--- Dataset excerpt ---
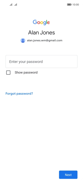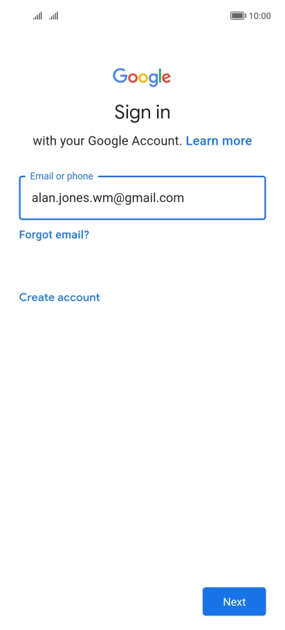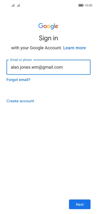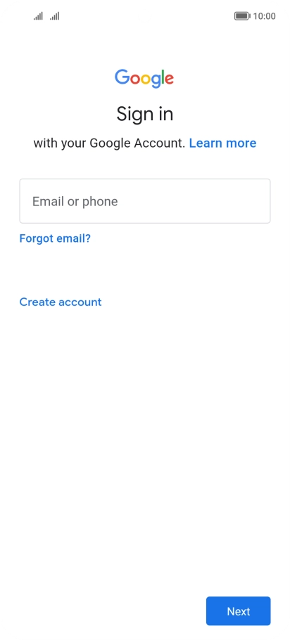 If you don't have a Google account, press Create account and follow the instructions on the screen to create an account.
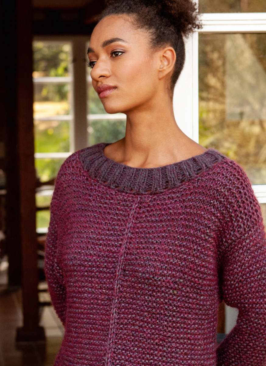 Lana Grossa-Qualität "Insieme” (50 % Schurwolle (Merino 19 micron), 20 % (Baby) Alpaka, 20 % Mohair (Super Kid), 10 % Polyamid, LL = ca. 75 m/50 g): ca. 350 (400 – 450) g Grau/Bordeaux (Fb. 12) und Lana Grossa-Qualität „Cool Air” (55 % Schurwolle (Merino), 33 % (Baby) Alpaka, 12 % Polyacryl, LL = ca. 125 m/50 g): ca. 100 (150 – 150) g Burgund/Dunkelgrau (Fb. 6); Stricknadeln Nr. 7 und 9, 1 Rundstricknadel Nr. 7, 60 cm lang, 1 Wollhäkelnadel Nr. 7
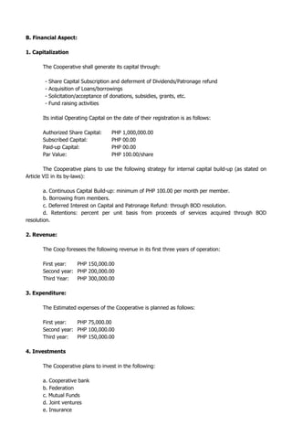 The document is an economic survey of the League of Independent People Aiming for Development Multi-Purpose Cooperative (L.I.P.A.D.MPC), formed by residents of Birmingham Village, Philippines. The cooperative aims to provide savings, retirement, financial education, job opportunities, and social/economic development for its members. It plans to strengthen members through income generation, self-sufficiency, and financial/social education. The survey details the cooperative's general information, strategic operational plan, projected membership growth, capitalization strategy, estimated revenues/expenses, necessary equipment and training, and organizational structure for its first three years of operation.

--- Task directions ---
All that's required is the material above repeated exactly, minus any picture.

--- Result for this exercise ---
 If you don't have a Google account, press Create account and follow the instructions on the screen to create an account.
 Lana Grossa-Qualität "Insieme” (50 % Schurwolle (Merino 19 micron), 20 % (Baby) Alpaka, 20 % Mohair (Super Kid), 10 % Polyamid, LL = ca. 75 m/50 g): ca. 350 (400 – 450) g Grau/Bordeaux (Fb. 12) und Lana Grossa-Qualität „Cool Air” (55 % Schurwolle (Merino), 33 % (Baby) Alpaka, 12 % Polyacryl, LL = ca. 125 m/50 g): ca. 100 (150 – 150) g Burgund/Dunkelgrau (Fb. 6); Stricknadeln Nr. 7 und 9, 1 Rundstricknadel Nr. 7, 60 cm lang, 1 Wollhäkelnadel Nr. 7
 The document is an economic survey of the League of Independent People Aiming for Development Multi-Purpose Cooperative (L.I.P.A.D.MPC), formed by residents of Birmingham Village, Philippines. The cooperative aims to provide savings, retirement, financial education, job opportunities, and social/economic development for its members. It plans to strengthen members through income generation, self-sufficiency, and financial/social education. The survey details the cooperative's general information, strategic operational plan, projected membership growth, capitalization strategy, estimated revenues/expenses, necessary equipment and training, and organizational structure for its first three years of operation.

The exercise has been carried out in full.